# Ship photos research



## KShips (Sep 14, 2007)

Hi,

I am doing a picture research about the ships my grandfather served on. I wish to find sources from where to buy photographs of these ships: 'Bothnia' (Cunard, 1928), 'Tomocyclus' (Shell, 1944), Loch Ranza (Maclay & McIntyre, 1944), Irene K (1924), Orelia (Houlder Bros., 1954). Can anyone help?

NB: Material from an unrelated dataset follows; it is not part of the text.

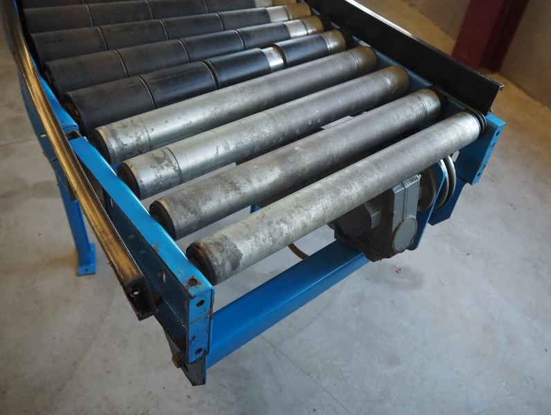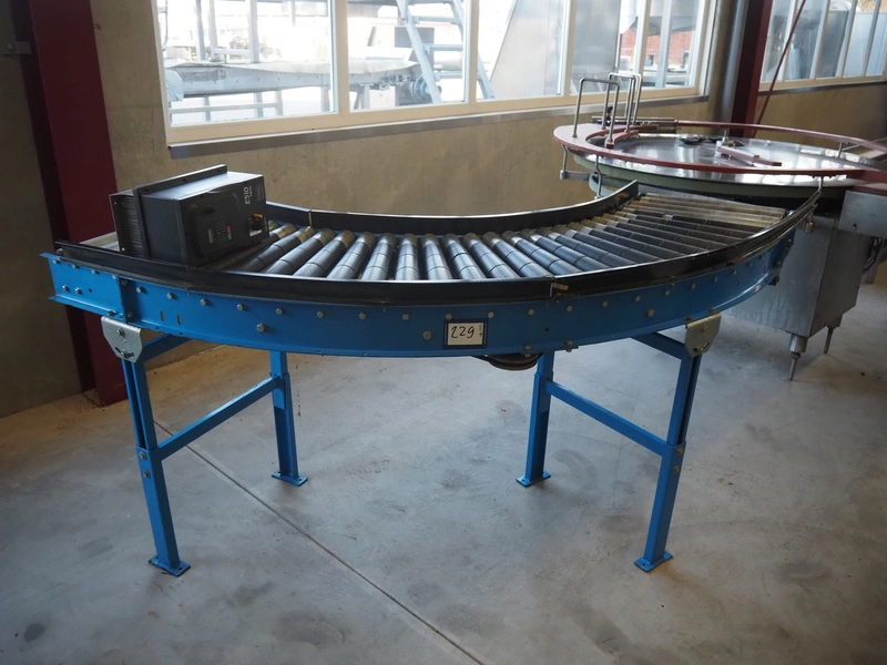 90° curved roller conveyor with Teco control panel, steel frame, plastic rollers, roller width: 485 mm, total dimensions: 2300 mm x 1000 mm x 950 mm. Control panel type: E510, 220 v, 1.5 kW, 1 Ph.
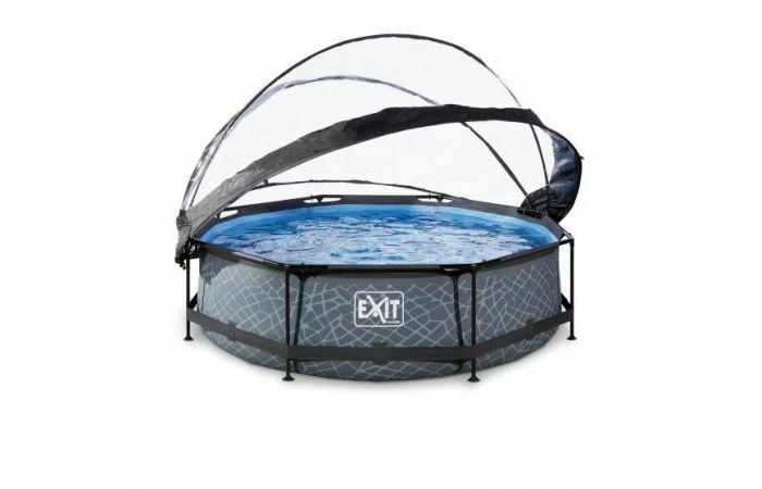 Het EXIT zwembad ø300x76cm is een rond frame zwembad met overkapping.

Can anyone help me in finding this other ship that my great-grandfather worked on in June 1919: 'Clematia'.

Thanks.


----------



## gdynia (Nov 3, 2005)

Most of these vessels can be found on www.photoship.co.uk also there are several in the gallery in SN just do a search with name


----------



## benjidog (Oct 27, 2005)

There's a photo of Bothnia in The Allen Collection: http://www.benjidog.co.uk

Regards,

Brian


----------



## ian d.cameron (Jul 3, 2005)

Tomocyclus
http://www.helderline.nl/

Loch Ranza
http://www.photoship.co.uk/JAlbum Ships/Old Ships L/slides/Loch Ranza-03.html

Irene K
http://www.photoship.co.uk/JAlbum Ships/Old Ships I/slides/Irene K-01.html

Orelia
http://www.photoship.co.uk/JAlbum Ships/Old Ships O/slides/Orelia-01.html


----------



## ian d.cameron (Jul 3, 2005)

Sorry gdynia never noticed your photoship post


----------



## KShips (Sep 14, 2007)

Hi,

Thank you for these sources! I've found a very good number of ships that I'm searching for in my research.


----------



## dom (Feb 10, 2006)

*dom*

just posted loch Ranza in the gallery/dom


----------



## KShips (Sep 14, 2007)

Hey dom,

Thank you! Very nice picture!!


----------



## KShips (Sep 14, 2007)

Hello,

Anyone out their have any information about 'Clematia'. I know nothing about the ship. The only thing I know is that it existed in June 1919.

Thank you.


----------